The Sea Cargo Charter relies specifically on the Energy Efficiency Operational Indicator (EEOI) as the carbon intensity metric, which produces the closest measure of the vessel’s true carbon intensity in operation, to a high level of granularity.

 

The EEOI uses the parameters of fuel consumption, the GHG emission factor for each fuel type, distance travelled while laden with transported cargo, and amount of cargo transported over given voyage.

 

A decarbonization trajectory is a representation of the planned rate of change of CO2 emissions per unit weight of goods over time.

 

The plan is that standard decarbonization trajectories will be produced by the Secretariat of the Sea Cargo Charter for each ship type and size class.

 

To assess climate alignment of a specific voyage, the carbon intensity is compared with where it should be, according to the decarbonization trajectory for its respective ship type and size class.

 

Shipowners will need to provide the data to their customers, if they are signatories, and signatories will provide the data to Sea Cargo Charter.

 

It says, "to ensure that information provided under the Sea Cargo Charter is practical, fair and accurate, Signatories will only use data types, sources and service providers identified in the Technical Guidance."

 

About Sea Cargo Charter

Sea Cargo Charter has a website at seacargocharter.org.
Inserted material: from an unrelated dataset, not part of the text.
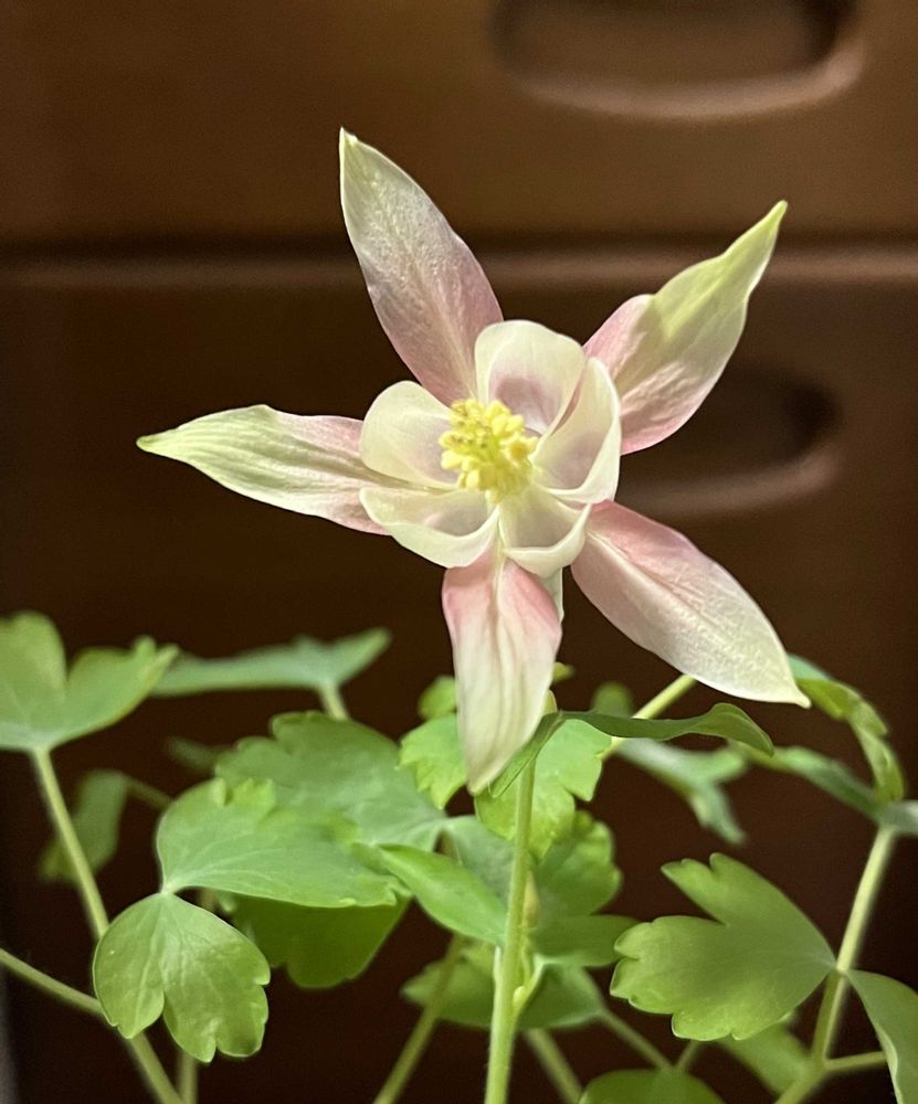 こぼれ種から芽が出たオダマキが、もう咲きました。
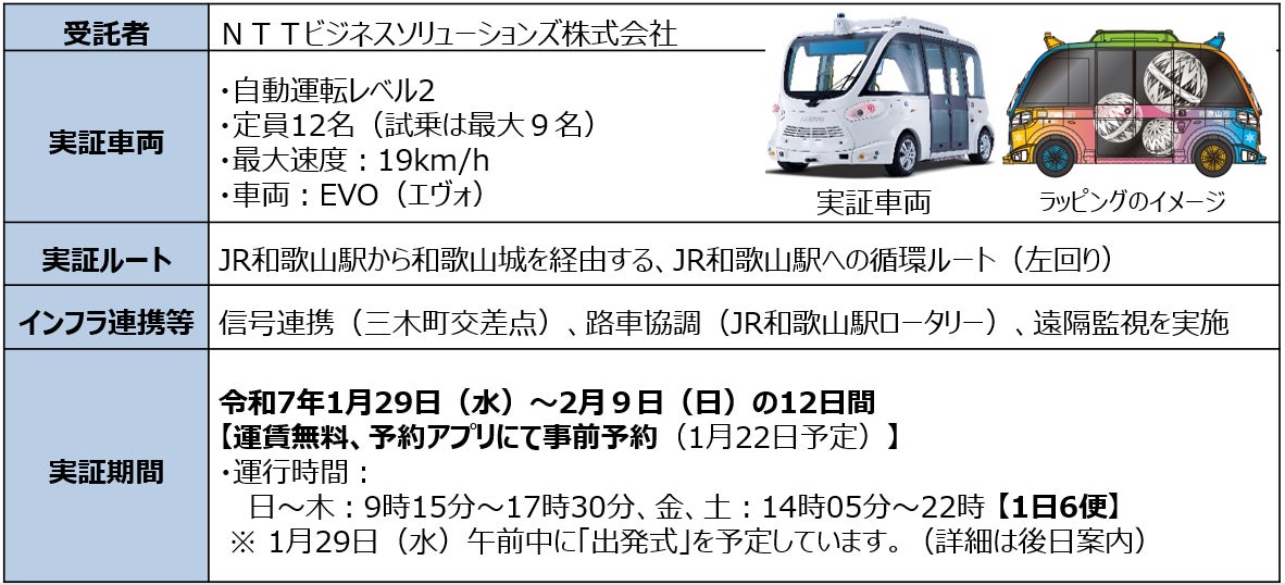 今回の実証運行については、和歌山バス株式会社とも連携し、前年度より更に運行ルートを拡大した約5.3㎞の循環ルートを『自動運転レベル2』で運行するとともに、信号連携等のインフラ連携や遠隔監視を実施するなど、将来の自動運転の実装を目指した実証を行います。

It shares an office in Copenhagen with the Poseidon Principles and an organisation called Global Maritime Forum, which has 19 employees, describing itself as "an international not-for-profit organization committed to shaping the future of global seaborne trade".

 

A first Steering Committee will be elected at the first Annual Meeting of the Sea Cargo Charter Association, which will be held in 2021. In the interim, the Steering Committee is constituted of the first fifteen Signatories.

 

Members commit to “ensure ongoing compliance with the Sea Cargo Charter for new chartering activities through contractual means by using the Sea Cargo Charter Clause in charter parties.”

 

They also commit to “contribute to the update and addition of the Sea Cargo Charter Clause through the annual review process.”

 

Poseidon Principles

The Poseidon Principles, which might be considered a sister project to the Sea Cargo Charter, describes itself as a “framework for integrating climate considerations into lending decisions to promote international shipping’s decarbonization”.

 

It has 18 financial institutions as signatories, together representing a bank loan portfolio to global shipping of approximately $150 billion, more than a third of the global ship finance portfolio.

 

The signatories are ABN-AMRO, Amsterdam Trade Bank, BNP Paribas, Bpifrance, CIC, Citi, Crédit Agricole, Credit Suisse, Danish Ship Finance, Danske Bank, DNB, DVB Bank, Export Credit Norway, ING, Nordea, Société Générale, Sparebanken Vest and Sumitomo Mitsui Trust Bank.